Как-то вечером ко мне в комнату зашел узбек Юсуп с режиссерского отделения и стеснительно спросил, не хочу ли я написать сценарий для его курсовой работы. Ах этот неподражаемый миг, когда к тебе впервые приходят с таким предложением: чувствуешь себя важным, умным и нужным. Конечно, я согласился. Когда сценарий был готов, Юсуп его прочел, сказал, что очень доволен, и только попросил меня внести кое-какие небольшие поправки. Характер изменений мне, правда, не особенно нравился, но искушение увидеть свое имя в титрах было так велико, что я противиться не стал. Результатом Юсуп был уже более чем доволен, и мне пришлось сделать лишь два-три последних малюсеньких уточнения. Когда я примерно через месяц спросил его, начались ли уже съемки, он ответил, что еще нет, но скоро, надо только утвердить сценарий на худсовете. Далее я заметил, что он стал меня избегать. Когда я однажды поймал его в фойе Академии, Юсуп объяснил, что да, есть кое-какие проблемы, потому что его руководителю не нравится пара эпизодов. Я спросил, нужна ли моя помощь, но Юсуп сказал, что он справится сам.

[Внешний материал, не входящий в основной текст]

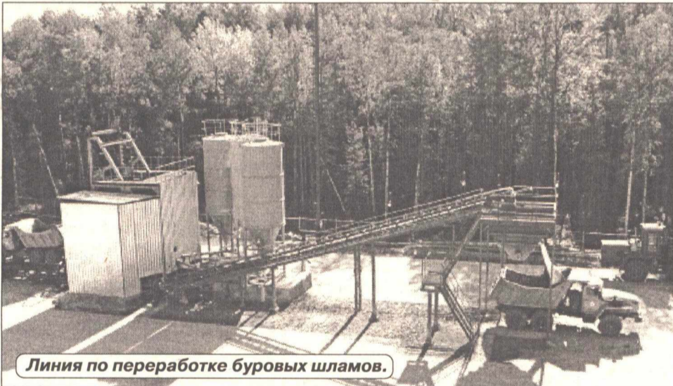
Линия по переработке буровых шламов.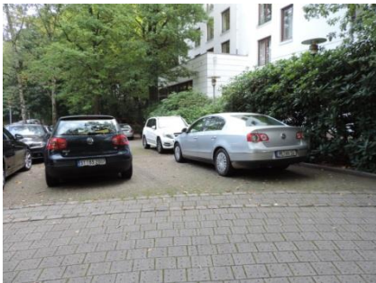
Abb. 2: Parkplatz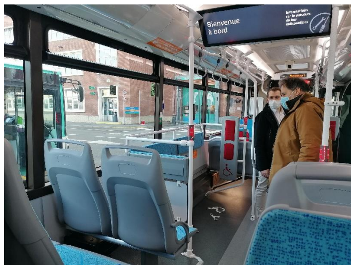
Marquage au sol zone PMR et poussettes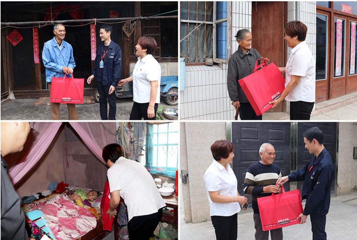
走访慰问困难老人

我们持续关注自身在社区可持续发展、员工志愿活动等方面的表现，每年设立专门预算，用于资助当地社区的教育、居住环境改善、基础设施建设和居民慰问等。通过开展关爱下一代、爱心捐赠以及走访慰问等形式多样的公益活动，积极承担企业公民的责任，多方面回馈社会。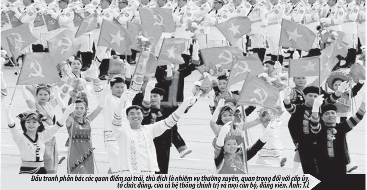
Đấu tranh phân bác các quan điểm sai trái, thù địch là nhiệm vụ thường xuyên, quan trọng đối với cấp ủy, tổ chức đảng, của cả hệ thống chính trị và mọi cán bộ, đảng viên.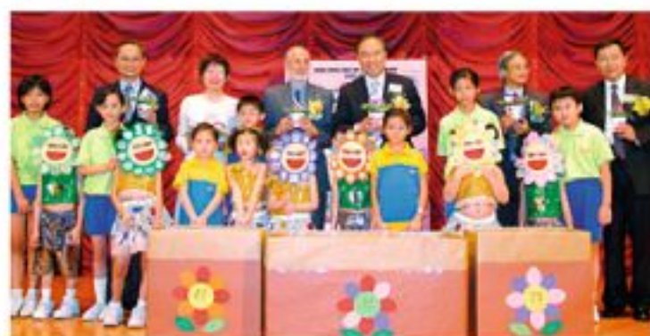
▲健康幼稚園獎勵計劃啟動典禮於9月舉行。

中大醫學院健康教育及促進健康中心推行「健康幼稚園獎勵計劃」，並獲優質教育基金資助，邀請得香港教育學院幼兒教育系為主要協作單位，而教育統籌局、香港教育學院及中心均為頒發獎項的機構。計劃更獲得世界衛生組織西太平洋區認可，為西太平洋區內首個於學前教育中發展之健康促進學校計劃。這項計劃是根據世界衛生組織成員國所訂立的六大範疇為發展健康促進學校的框架，包括：學校健康政策、健康服務、個人健康生活技能、校風及人際關係、社區關係及學校環境。中心為幼稚園提供專業支援、培訓等協作工作，以推動參與計劃之幼稚園學童的健康服務。

Вообразите себе мое удивление, когда некоторое время спустя, на просмотре курсовых работ, я увидел фильм Юсупа и не узнал свой сценарий, от которого остались, в основном, одни имена, и то не все. Я подумал бы, что в итоге он не стал спорить с руководителем и обратился к другому сценаристу, если бы в титрах после имени самого Юсупа не стояло мое. У меня было ощущение, что меня обокрали. Мне было так стыдно, что я с трудом заставил себя после просмотра подойти к Юсупу и спросить, что все это означает. Лучше б я этого не делал. Он вышел из себя и буквально накинулся на меня, вопрошая, чем я недоволен, да еще после того, как не захотел внести изменений, которых требовали руководитель и худсовет, и ему пришлось все переделать самому.
Я и впоследствии имел дело с режиссерами, и всегда это заканчивалось примерно такой же ссорой. По моим сценариям сняли несколько мультфильмов, но радости от них всегда было меньше, чем возмущения. Все, что я в итоге из общения с режиссерами вынес, это их коллективный портрет, с которым хочу познакомить и вас.

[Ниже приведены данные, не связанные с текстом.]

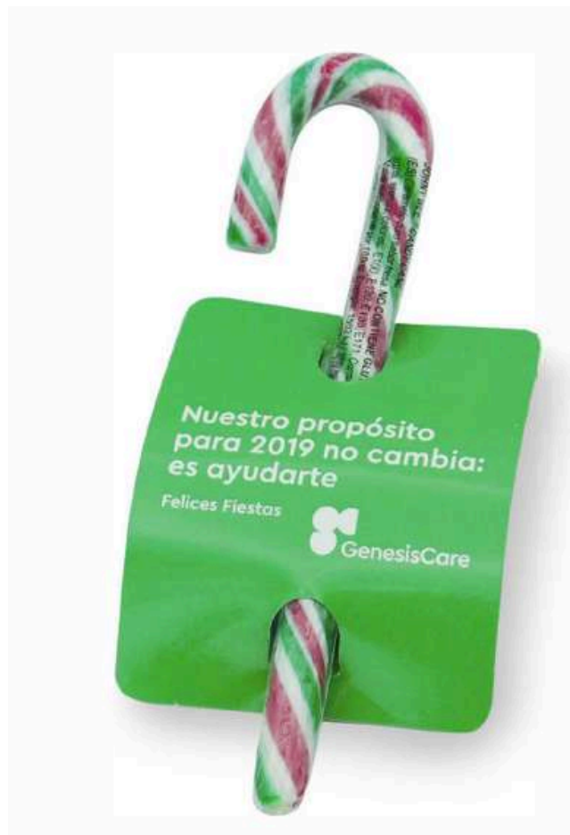
STICK NAVIDAD CARAMELO 13x3mm. Peso: 12 g. Targeta cuatricromía 1 cara. REF-BCP11 Consultar tarifas. A partir de 800 unid

Режиссер это (обычно) мужчина, который ведет себя, как девушка, достигшая брачного возраста. Он старается хорошо выглядеть, привлекать к себе внимание и оставлять о себе впечатление, как об особо ценном существе. Я не хочу сказать, что тщеславие – качество, писателям совсем уж незнакомое, но поскольку нам обычно свойственна рефлексия, то мы, в отличие от режиссеров, с этой неприятной особенностью характера боремся, стесняемся и скрываем ее, а иногда, если очень повезет, даже совсем от нее отделываемся. Режиссер же этого не может, да и не желает. Он как будто подсознательно (сознание у режиссеров встречается редко) чувствует, что в лице тщеславия он потерял бы главный ингредиент своей личности. Потому режиссер, который не вышагивает вальяжно, не одевается по последней известной ему моде и не выбирает каждое утро подходящий к настроению парфюм – нонсенс. Я знал одного режиссера, который, отправившись в трехдневную командировку, взял с собой такое же количество чемоданов: два с одеждой и один с дезодорантами. Вниманию актрис – если вам предлагает роль режиссер, чей маникюр хуже вашего, лучше всего отказаться, это наверняка самозванец.

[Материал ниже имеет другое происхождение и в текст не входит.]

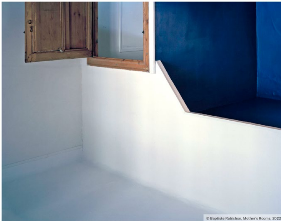
© Baptiste Rabichon, Mother's Rooms, 2022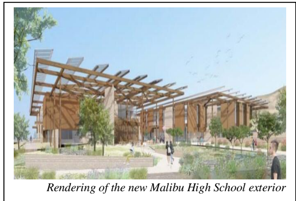
Rendering of the new Malibu High School exterior

Join Us! It's an exciting time for Malibu High School (MHS). After years of hard work, patience, dedication and persistence, the MHS classroom, administration, library, and cafeteria building is finally becoming a reality. The unwavering commitment from the community, students, staff, educators and all those involved, through many challenges, has brought this milestone to life.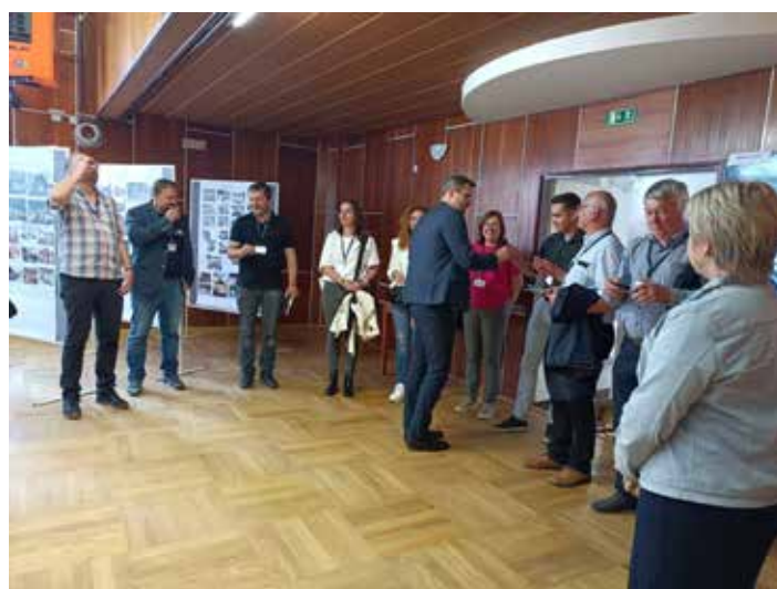
Přivítání komise v obecním sále

a připravené projekty. Sál zdobili také fotografie z historie obce a v televizích byla puštěna videa – podnikání v obci a šikovné ruce. Následně jsme vzali komisi na prohlídku obce. Přemístovali jsme se autobusem společnosti Ostrožsko a.s. a pěšky.

При всей схожести, режиссера от вышеупомянутой девушки все-таки отличает одна черта – отсутствие четкой цели. Каждая молодая женщина, как бы мало у нее не было ума, осознает, во имя чего прихорашивается, режиссер же этого не знает, и это незнание тревожит и злит его. Тщеславие режиссеров самого трагического склада – это тщеславие ради тщеславия. Девушка, выскочившая, наконец, замуж, немедленно забывает о большинстве своих забот, для режиссеров же такой миг умиротворения не наступает никогда.